2: A Prototype / Kit of Parts

The Prototype / Kit of Parts could be constructed such that it could be "dropped in" to any local area, localized and customized.

Rather than being a one-size-fits-all solution, it could be constructed such that the modular components were Interoperable, and could be customize and implemented in a wise sequence as determined by the local community.

Each Module would form one tile of a Mosaic, that was a relatively complete solution to the problems and needs likely to be inherent in any community.

3: Learning and Improving

We could imagine that each time each module was deployed, the local community would make mistakes, discover problems, and learn.

And we could imagine that those mistakes and learnings could be the basis for folding those lessons learned back into each Module of the Prototype.

This would ensure that the 10th time a module was deployed, the community would benefit from the aggregated learnings of the first 9 attempts, and so on.
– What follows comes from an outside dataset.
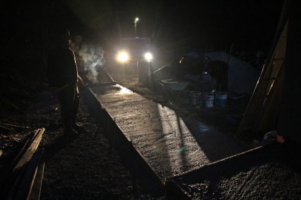 După aproape două săptămâni, s-a strigat din nou mobilizarea şi alte zeci de voluntari au ajuns la Ardeu. Sunt o mulţime de lucruri de făcut inclusiv în curte pentru că Ghiţă şi-a pus în gând să scape copilele de noroaie, să le facă o alee betonată de la casă la poartă, să toarne pietriş, să ridice o latrină, să facă o terasă… O echipă de voluntari vine cu tot cu utilaje tocmai din Cugir. Se munceşte la greu – deşi unii sunt aici pentru prima dată, lucrează ca o echipă perfect coordonată. Se lucrează repede, dar mai ales, bine. Totul se îndreaptă până iese perfect.

4: An Infrastructure to Deploy and Localize the Prototype

If we had a heart of Love and wanted to help solve these patterns in more than the 5 or 20 communities we might be able to reach individually over the next 5 to 10 years...

We would need to create Modular Prototype, constructed as a "Kit of Parts", that could be "dropped in" or "instantiated" in any local community.

Recognizing that we needed to repeat the pattern many times, we would want to construct shared infrastructure so that each of 1,000 instances was not starting from scratch to build the same solutions.

In other words, we would not want to continually "reinvent the wheel."